Ne mutlu bizlere ki birkaç günlüğüne bile olsa seninle aynı güzel havayı soluyacağız...
Hoş geldin.
Bizim için çok değerlisin.
Zamanında sana çok sövdük, acayip hakaretlerde bulunduk.
Onları Mısır basınından herhalde izlemişsindir.
Üzdüysek kusura bakma, biz böyleyizdir.
Bükemediğimiz eli öperiz! Şimdi sıra senin elini öpmeye geldi.
Herhalde biliyorsundur, bizim Recep Bey diye bir dünya liderimiz var.
Sen onun radarına girdin!
Allah hiç kimseyi onun radarına sokmasın, valla giren mahvolur.
Sağlam giren çürük çıkar, eşekten düşmüş karpuz gibi olur.
Recep Bey açar ağzını yumar gözünü, vurdukça vurur, hasmını duman eder.
Ne yapalım yani, onun bu yakıcı piyangosu sana da vurmuş oldu!
Sisi, sana katil dedi, darbeci dedi, diktatör dedi, aklına ne gelirse söyledi.
Hem de dünya liderimiz bu sözleri hiç çekinmeden neredeyse her gün, yurt dışında bile söylüyordu.
Şu sözleri de belleklere kazınmıştı:
"Onunla günün birinde aynı masaya oturursam kendimi inkar etmiş olurum!.."
Şimdi aradan uzun yıllar geçti, dün Ankara'ya geldin.
Sana yıllarca söven, hakaretler eden adam, seni karşılamaya havalimanına geldi.
Seni ne kadar önemsediğini dosta düşmana böyle göstermiş oldu, daha ne yapsın yani!
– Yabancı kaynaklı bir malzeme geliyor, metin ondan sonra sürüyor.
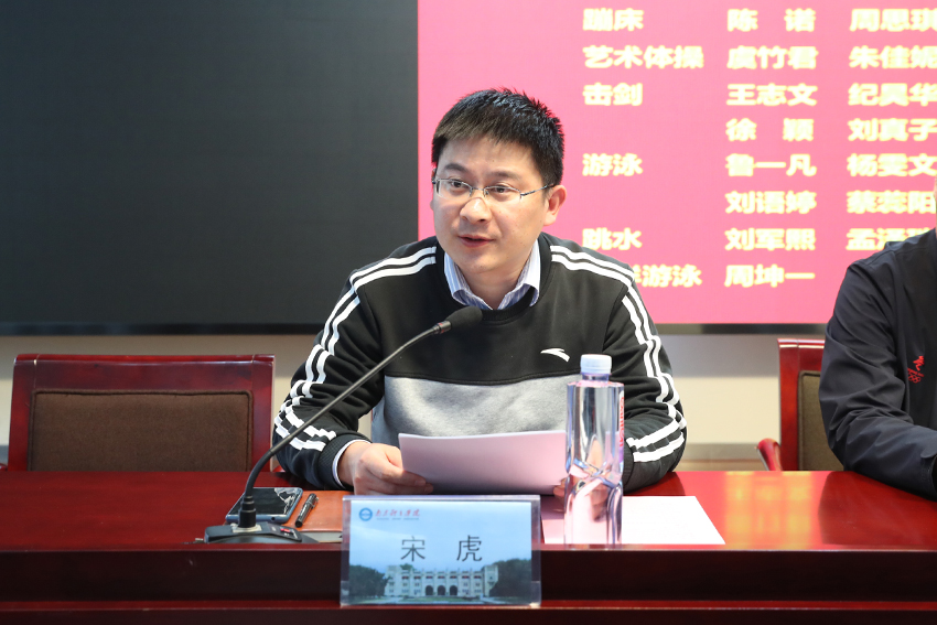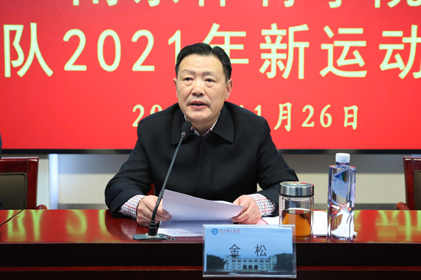 副校长金松代表校党委、校行政向52名新进队运动员表示了热烈的欢迎。他在讲话中充分肯定了这批运动员在试训及测试中的优秀表现,并对他们的未来提出了四点希望。一是坚定信念,从党的百年奋斗历程中汲取前进的力量。要学好党史,深悟思想,以党的精神为引领,树立远大理想,厚植爱国情怀,坚定人生目标,激发前进动力。二是刻苦训练,在学校世界冠军之路上留下自己的足印。要以一名职业运动员的标准和素养要求自己,自觉自律,刻苦专注,做好点滴积累,早日将世界冠军、奥运冠军的梦想变为现实。三是遵章守纪,使奥林匹克精神得以发扬光大。要在训练、比赛、生活中做真正的奥林匹克精神践行者,尤其要把反兴奋剂意识深深植入脑海,为维护奥林匹克的神圣和竞技体育的纯洁贡献应有的力量。四要全面发展,为实现体育强国梦想做出应有的贡献。要争做新时代全面发展的运动员,一手抓好训练任务,一手抓好文化学习,为建设体育强省、体育强国添砖加瓦。

Sıradan bir cumhurbaşkanı olsan protokol gereği olarak seni Saray'ın bahçesinde karşılardı.
Sen onun geçmişte söylediği sözlere bakma kardeşim Sisi!
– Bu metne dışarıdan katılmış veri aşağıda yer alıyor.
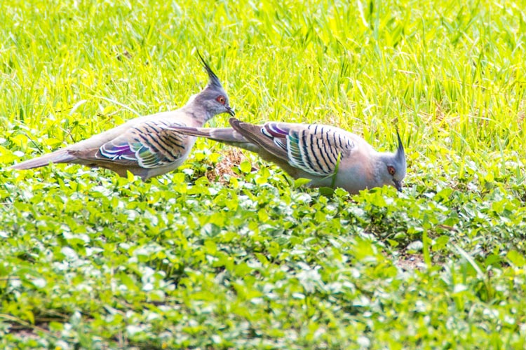 A pair of Crested Pigeons near the Qld Urban Utilities community gathering.

Bizim rahmetli cumhurbaşkanımız Süleyman Demirel vardı, bilmem tanır mıydın...
Onun meşhur bir lafı vardı:
'Dün dündür bugün bugündür!'
Recep Bey şimdi aynı taktiği uyguluyor ama bunu acemice yapıyor:
'Dün hakaretler savurduğum adamla, işime gelirse bugün dost olurum.'
Ne güzel bir devlet yönetme anlayışı!